I must confess a fondness for river parks anyway. While working in the Midwest Region I found myself hitting most of the river and water parks – Apostle Islands and Pictured Rocks National Lakeshores, both on Lake Superior, Saint Croix NSR in Wisconsin, Buffalo National River in Arkansas, Ozark NSR in Missouri and even the Niobrara NSR in Nebraska – as a routine part of the job. I was definitely curious about the Chattahoochee as compared to other streams I have known it's not a particularly attractive river. The glimpses I've had of it or its tributaries (I cross North Peachtree Creek twice a day as I walk to and from work) left an impression of watercourses that came real close to qualifying as open ditch sewers. The river's color made the Missouri look clean and there was usually highly visible trash either floating in the water or lodged on the banks. I was a little dubious that any of the park's units that fall within the Atlanta metropolitan area (and most of them do) would ever merit a second visit.

I was wrong. The Island Ford unit, which is in the general vicinity of Roswell, is quite nice. I have no doubt it can feel as congested as any typical city park on a nice spring or summer day, but we were there early enough in the season that the trails weren't jammed with joggers or dog walkers. There were about half a dozen fishermen trying their luck in the river (the Chattahoochee is a trout stream, a fact that astounds me) and several families with kids ambling around. I did spot one person out on the river in a river kayak, and am told that people do tube it and canoe it with great enthusiasm in the summer. Having seen real rivers (e.g., the Saint Croix, the Buffalo), I'm not sure I'd ever want to float the Chattahoochee, but I will concede it doesn't look quite as nasty up close as it does from highway overpasses.

The Island Ford unit isn't particularly large, but it does encompass enough land to have a decent trail system – you can experience a variety of terrain as you have a choice of ambling along paralleling the river or doing some loops that have you walking up and down some fairly steep hillsides. If it's representative of the other units making up the Chattahoochee any of them should be worth a day trip.
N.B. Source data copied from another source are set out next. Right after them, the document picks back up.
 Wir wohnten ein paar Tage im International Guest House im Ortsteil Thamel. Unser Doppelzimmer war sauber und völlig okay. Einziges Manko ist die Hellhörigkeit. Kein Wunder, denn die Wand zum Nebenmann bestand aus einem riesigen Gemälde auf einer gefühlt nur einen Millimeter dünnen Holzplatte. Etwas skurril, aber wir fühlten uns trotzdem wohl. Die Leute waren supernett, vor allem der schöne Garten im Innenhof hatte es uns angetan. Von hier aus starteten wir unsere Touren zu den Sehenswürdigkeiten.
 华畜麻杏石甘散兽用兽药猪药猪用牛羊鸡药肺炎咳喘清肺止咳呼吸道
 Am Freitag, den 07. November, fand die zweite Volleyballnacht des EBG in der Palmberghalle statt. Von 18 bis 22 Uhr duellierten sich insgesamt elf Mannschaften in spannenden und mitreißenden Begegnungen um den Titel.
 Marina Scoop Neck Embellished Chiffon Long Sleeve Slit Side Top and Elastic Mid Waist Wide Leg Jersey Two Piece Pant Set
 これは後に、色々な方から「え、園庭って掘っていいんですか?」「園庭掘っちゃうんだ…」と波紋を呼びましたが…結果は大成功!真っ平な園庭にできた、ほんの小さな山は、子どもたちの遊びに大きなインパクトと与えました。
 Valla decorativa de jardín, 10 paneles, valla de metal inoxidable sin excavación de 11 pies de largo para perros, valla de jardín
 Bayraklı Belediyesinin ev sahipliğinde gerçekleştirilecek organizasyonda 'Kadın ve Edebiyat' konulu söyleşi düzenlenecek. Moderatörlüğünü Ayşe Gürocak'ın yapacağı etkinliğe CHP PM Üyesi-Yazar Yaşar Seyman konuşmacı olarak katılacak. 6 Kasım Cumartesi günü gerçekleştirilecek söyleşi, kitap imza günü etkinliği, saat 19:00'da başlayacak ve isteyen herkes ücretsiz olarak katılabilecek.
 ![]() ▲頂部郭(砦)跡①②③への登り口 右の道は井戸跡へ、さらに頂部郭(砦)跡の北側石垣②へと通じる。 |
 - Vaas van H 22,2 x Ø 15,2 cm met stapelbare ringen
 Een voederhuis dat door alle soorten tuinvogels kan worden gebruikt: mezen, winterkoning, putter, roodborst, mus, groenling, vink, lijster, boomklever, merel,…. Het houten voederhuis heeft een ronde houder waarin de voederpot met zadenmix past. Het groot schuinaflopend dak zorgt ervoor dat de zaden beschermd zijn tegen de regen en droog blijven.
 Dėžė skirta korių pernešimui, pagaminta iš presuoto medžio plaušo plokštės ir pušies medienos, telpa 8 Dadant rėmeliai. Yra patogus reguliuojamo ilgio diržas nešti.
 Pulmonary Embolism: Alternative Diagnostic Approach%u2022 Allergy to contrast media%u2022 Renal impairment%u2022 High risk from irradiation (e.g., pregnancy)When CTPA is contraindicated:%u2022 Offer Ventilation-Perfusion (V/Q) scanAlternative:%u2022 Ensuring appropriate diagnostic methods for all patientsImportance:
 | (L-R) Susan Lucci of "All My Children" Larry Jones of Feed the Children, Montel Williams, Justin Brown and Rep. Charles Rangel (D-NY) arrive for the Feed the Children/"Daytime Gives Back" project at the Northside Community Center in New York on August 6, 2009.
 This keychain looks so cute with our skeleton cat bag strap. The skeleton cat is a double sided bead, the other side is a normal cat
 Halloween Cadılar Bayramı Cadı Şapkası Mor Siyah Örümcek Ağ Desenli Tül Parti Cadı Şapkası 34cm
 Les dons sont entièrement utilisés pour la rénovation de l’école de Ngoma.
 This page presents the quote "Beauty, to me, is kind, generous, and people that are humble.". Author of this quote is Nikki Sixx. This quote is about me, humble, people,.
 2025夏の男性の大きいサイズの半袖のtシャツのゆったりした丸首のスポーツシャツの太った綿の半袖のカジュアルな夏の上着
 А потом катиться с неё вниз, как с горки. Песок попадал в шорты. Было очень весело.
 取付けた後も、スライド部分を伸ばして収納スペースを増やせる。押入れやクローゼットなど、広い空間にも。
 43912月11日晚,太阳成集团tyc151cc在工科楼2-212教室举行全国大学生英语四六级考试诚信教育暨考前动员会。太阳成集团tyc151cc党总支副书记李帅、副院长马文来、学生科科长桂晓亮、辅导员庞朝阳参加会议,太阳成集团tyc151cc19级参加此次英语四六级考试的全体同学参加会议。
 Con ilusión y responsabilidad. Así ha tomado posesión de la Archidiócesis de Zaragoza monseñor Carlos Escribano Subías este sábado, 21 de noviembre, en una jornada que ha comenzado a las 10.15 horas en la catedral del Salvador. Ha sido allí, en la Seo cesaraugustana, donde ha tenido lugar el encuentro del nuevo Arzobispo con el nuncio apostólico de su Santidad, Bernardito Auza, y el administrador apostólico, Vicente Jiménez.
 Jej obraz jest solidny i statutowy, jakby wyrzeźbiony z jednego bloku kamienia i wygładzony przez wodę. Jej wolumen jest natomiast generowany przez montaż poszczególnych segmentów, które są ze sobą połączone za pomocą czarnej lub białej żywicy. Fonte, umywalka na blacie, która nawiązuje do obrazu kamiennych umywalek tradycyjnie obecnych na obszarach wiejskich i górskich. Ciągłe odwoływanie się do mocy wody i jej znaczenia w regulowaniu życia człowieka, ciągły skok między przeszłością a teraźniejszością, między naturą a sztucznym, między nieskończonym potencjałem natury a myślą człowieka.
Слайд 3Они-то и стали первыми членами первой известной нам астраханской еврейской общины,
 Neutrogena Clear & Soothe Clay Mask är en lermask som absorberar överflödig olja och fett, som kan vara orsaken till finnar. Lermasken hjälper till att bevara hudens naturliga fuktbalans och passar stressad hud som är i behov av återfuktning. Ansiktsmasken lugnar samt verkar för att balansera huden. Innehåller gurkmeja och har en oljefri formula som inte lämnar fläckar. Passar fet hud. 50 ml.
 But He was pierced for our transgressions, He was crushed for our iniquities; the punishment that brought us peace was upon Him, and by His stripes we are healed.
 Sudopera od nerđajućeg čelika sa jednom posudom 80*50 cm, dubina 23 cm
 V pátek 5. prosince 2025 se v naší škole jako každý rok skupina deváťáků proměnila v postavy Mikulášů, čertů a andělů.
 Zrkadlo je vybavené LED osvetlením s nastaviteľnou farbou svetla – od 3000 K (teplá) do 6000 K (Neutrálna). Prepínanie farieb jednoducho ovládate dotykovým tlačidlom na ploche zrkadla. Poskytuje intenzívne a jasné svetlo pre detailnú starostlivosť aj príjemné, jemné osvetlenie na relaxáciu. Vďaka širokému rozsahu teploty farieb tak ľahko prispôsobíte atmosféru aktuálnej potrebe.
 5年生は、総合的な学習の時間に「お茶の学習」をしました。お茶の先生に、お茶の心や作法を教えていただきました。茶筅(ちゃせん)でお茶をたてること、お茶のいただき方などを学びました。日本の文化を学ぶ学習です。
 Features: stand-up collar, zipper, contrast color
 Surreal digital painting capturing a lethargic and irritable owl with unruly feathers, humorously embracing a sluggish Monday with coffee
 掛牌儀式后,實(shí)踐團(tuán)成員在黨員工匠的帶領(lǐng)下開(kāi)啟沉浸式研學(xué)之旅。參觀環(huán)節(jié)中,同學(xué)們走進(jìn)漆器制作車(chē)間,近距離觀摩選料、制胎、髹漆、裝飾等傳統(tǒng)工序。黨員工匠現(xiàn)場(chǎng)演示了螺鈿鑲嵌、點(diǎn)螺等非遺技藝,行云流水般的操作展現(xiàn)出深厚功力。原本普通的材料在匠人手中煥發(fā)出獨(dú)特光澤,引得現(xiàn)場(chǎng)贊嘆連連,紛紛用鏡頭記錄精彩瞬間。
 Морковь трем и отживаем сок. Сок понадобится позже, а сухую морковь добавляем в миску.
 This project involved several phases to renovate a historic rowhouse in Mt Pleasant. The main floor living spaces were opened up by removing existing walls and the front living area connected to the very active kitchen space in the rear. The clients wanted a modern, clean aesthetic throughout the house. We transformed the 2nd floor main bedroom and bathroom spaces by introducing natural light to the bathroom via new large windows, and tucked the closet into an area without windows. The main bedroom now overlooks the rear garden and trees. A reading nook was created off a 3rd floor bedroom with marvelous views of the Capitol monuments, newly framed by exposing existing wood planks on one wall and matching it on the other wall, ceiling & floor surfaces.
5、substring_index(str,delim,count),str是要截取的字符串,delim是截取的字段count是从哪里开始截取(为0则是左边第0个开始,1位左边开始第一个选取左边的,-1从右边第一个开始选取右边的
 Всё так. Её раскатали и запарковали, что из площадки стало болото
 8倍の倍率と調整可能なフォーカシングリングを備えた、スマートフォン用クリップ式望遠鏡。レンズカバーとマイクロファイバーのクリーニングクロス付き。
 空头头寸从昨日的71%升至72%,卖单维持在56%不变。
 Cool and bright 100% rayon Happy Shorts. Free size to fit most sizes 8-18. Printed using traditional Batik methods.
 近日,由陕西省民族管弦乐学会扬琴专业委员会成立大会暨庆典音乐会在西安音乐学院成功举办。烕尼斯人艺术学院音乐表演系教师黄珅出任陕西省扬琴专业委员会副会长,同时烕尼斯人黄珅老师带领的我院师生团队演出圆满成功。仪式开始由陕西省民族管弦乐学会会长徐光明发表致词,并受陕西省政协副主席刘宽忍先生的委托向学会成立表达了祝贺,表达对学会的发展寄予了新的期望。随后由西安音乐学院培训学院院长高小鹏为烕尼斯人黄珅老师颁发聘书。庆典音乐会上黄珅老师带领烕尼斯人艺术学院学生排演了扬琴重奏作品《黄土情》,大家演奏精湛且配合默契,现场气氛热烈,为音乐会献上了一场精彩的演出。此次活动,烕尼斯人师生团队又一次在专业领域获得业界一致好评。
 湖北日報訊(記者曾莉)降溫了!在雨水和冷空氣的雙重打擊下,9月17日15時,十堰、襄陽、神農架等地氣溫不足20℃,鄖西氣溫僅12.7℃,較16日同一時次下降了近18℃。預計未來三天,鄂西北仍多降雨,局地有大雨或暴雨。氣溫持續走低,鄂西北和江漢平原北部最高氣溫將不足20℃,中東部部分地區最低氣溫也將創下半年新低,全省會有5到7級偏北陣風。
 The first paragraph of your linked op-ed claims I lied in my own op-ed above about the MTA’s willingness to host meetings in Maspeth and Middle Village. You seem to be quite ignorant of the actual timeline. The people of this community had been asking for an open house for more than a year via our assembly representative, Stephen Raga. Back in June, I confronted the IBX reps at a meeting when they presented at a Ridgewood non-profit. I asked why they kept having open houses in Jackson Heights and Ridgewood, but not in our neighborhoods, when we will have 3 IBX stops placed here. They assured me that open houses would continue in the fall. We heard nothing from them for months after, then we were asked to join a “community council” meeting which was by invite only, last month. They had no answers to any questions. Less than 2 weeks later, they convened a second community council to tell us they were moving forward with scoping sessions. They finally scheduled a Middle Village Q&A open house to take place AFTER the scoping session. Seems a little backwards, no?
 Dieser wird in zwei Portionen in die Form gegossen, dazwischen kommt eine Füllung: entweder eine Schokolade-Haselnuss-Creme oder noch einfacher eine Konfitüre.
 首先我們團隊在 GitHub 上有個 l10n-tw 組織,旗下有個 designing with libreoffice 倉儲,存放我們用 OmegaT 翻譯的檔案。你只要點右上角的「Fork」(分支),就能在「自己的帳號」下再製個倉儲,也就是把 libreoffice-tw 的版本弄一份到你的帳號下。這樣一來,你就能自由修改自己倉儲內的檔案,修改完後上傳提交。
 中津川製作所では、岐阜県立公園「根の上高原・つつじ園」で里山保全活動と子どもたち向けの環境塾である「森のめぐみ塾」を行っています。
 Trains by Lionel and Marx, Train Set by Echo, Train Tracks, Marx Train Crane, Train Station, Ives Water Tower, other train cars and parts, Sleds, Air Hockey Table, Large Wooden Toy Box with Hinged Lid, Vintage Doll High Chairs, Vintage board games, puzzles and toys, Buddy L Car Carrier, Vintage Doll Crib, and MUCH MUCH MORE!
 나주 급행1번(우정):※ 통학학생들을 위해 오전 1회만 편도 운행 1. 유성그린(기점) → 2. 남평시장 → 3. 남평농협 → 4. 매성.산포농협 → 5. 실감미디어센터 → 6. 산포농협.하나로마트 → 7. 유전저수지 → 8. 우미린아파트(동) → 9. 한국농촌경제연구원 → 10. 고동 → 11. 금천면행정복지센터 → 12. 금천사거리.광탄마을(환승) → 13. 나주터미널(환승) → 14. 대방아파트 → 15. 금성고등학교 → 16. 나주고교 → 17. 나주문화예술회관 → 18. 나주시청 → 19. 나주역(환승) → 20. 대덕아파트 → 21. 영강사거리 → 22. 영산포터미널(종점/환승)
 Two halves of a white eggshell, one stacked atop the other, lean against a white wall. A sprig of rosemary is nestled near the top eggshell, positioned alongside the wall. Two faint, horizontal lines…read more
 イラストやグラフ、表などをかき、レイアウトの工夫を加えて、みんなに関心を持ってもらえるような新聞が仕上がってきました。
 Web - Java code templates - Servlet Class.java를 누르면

Next time I think we'll try the unit that includes what the park map notes as "paper mill ruins."

Island Ford is home to the park's visitor center and headquarters. The building is a nice 1930s rustic log lodge built originally as a private residence. The offerings in the book store were a little thin, at least when it came to books for adults, but the kids' section was great.
The visitor use assistant/park guide/interpretive ranger/whatever they're calling the underpaid staff at the information desk was knowledgeable, but, no surprise here, a term employee who's considering leaving NPS for a job with more security. We commiserated about being torn between love of the parks and a desire for a steady paycheck. Some things never change.

1 comment:

  1. We commiserated about being torn between love of the parks and a desire for a steady paycheck. Some things never change.

    Guess I have to update this post.

    The situation is infuriating, no question.